Your instructions:
Each line in the material below, starting at the one that contains "Figure 1 shows" and ending at the one that contains "3096. Bague sertie", should be repeated exactly; the pictures should not.

Dataset content:
━━━━━━━━━━━━━━━━━━━━

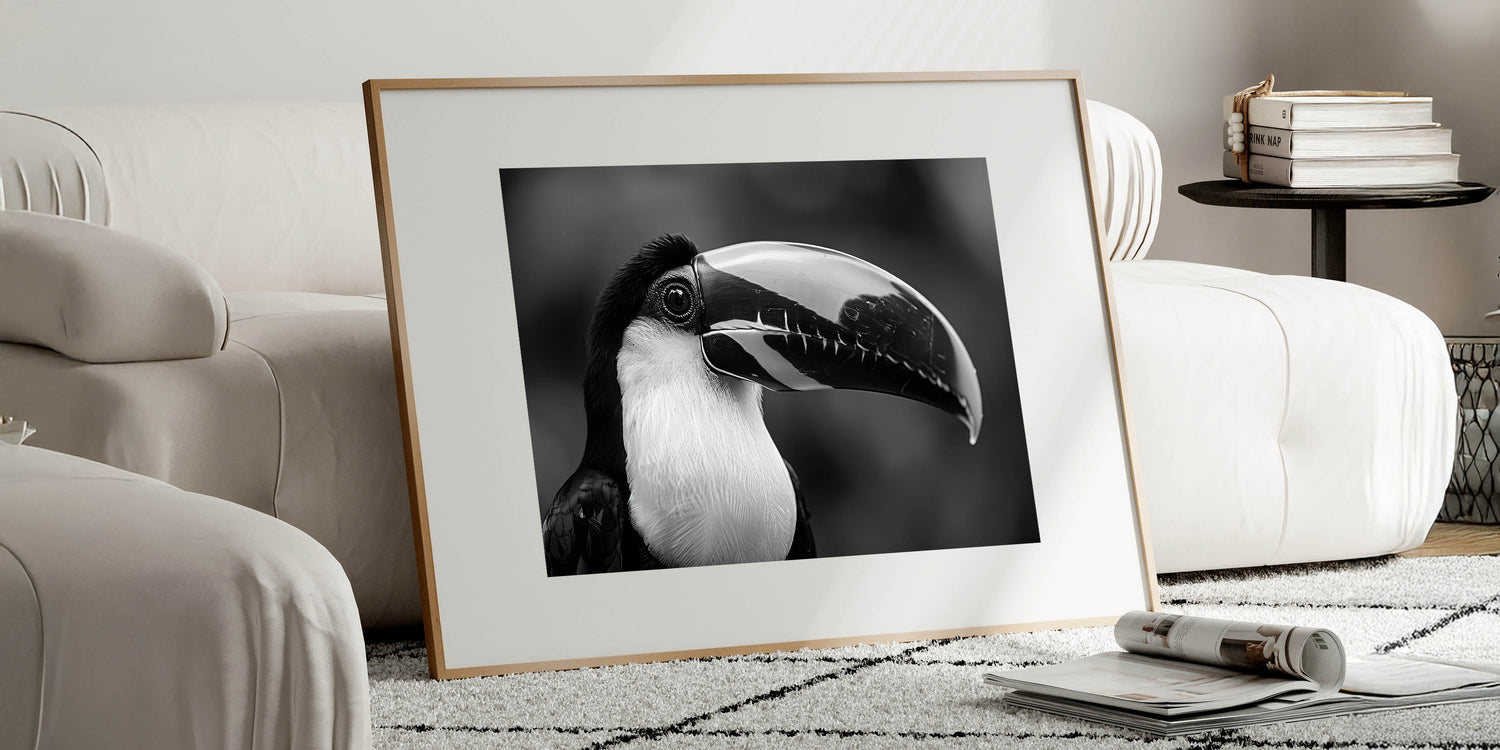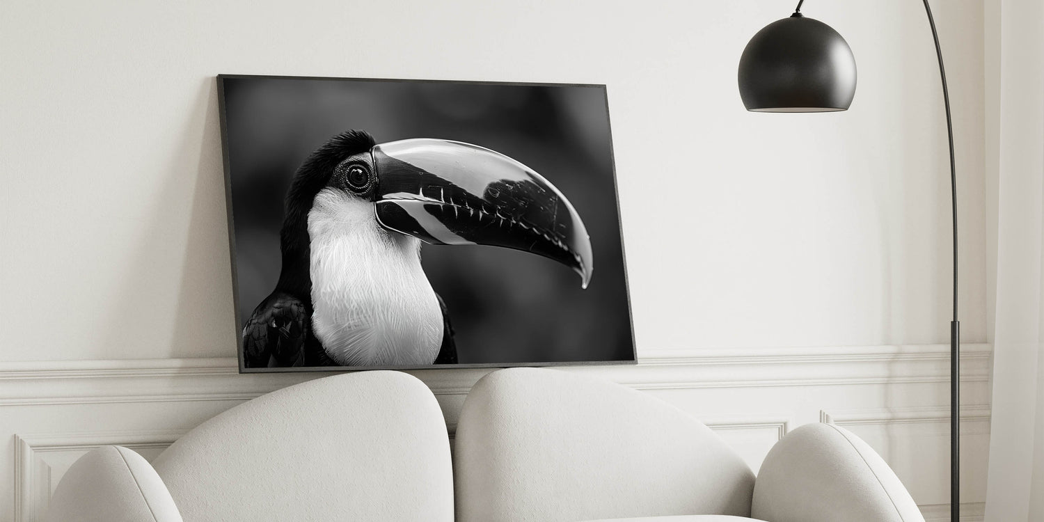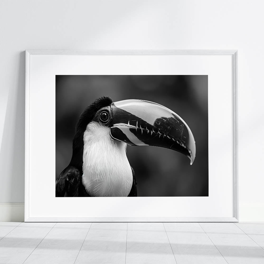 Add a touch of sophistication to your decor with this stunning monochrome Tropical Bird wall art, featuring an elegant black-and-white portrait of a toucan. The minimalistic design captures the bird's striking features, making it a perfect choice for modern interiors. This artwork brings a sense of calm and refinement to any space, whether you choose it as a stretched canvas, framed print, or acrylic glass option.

━━━━━━━━━━━━━━━━━━━━

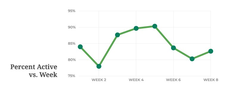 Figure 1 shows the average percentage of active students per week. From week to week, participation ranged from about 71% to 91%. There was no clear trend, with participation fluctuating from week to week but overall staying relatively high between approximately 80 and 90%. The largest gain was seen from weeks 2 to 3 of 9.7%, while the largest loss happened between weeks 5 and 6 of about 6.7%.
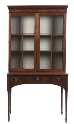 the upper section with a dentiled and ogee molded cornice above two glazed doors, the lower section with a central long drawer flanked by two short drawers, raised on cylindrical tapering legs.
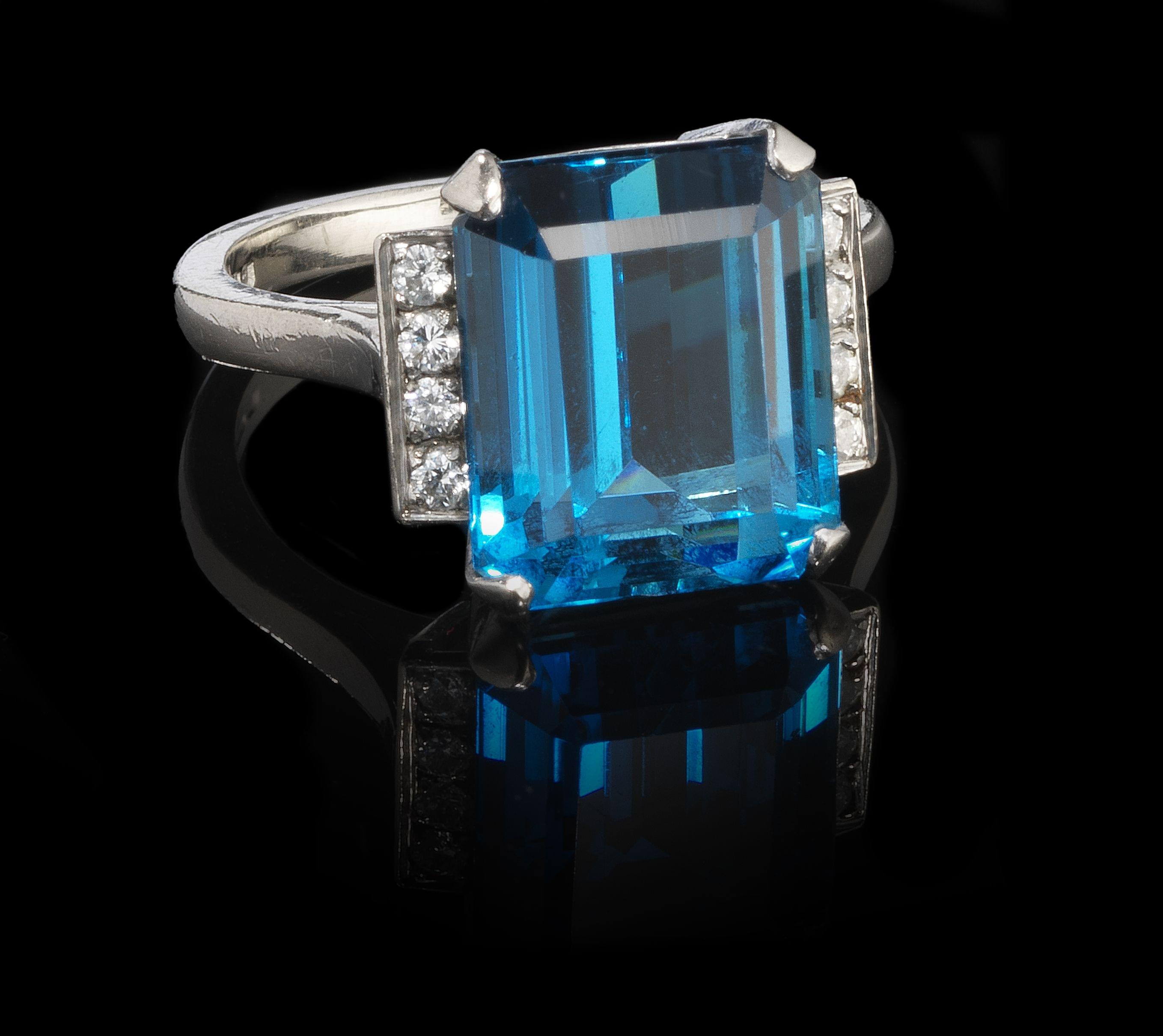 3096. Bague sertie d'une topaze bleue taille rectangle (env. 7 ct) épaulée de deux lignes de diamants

━━━━━━━━━━━━━━━━━━━━

Task result:
 Figure 1 shows the average percentage of active students per week. From week to week, participation ranged from about 71% to 91%. There was no clear trend, with participation fluctuating from week to week but overall staying relatively high between approximately 80 and 90%. The largest gain was seen from weeks 2 to 3 of 9.7%, while the largest loss happened between weeks 5 and 6 of about 6.7%.
 the upper section with a dentiled and ogee molded cornice above two glazed doors, the lower section with a central long drawer flanked by two short drawers, raised on cylindrical tapering legs.
 3096. Bague sertie d'une topaze bleue taille rectangle (env. 7 ct) épaulée de deux lignes de diamants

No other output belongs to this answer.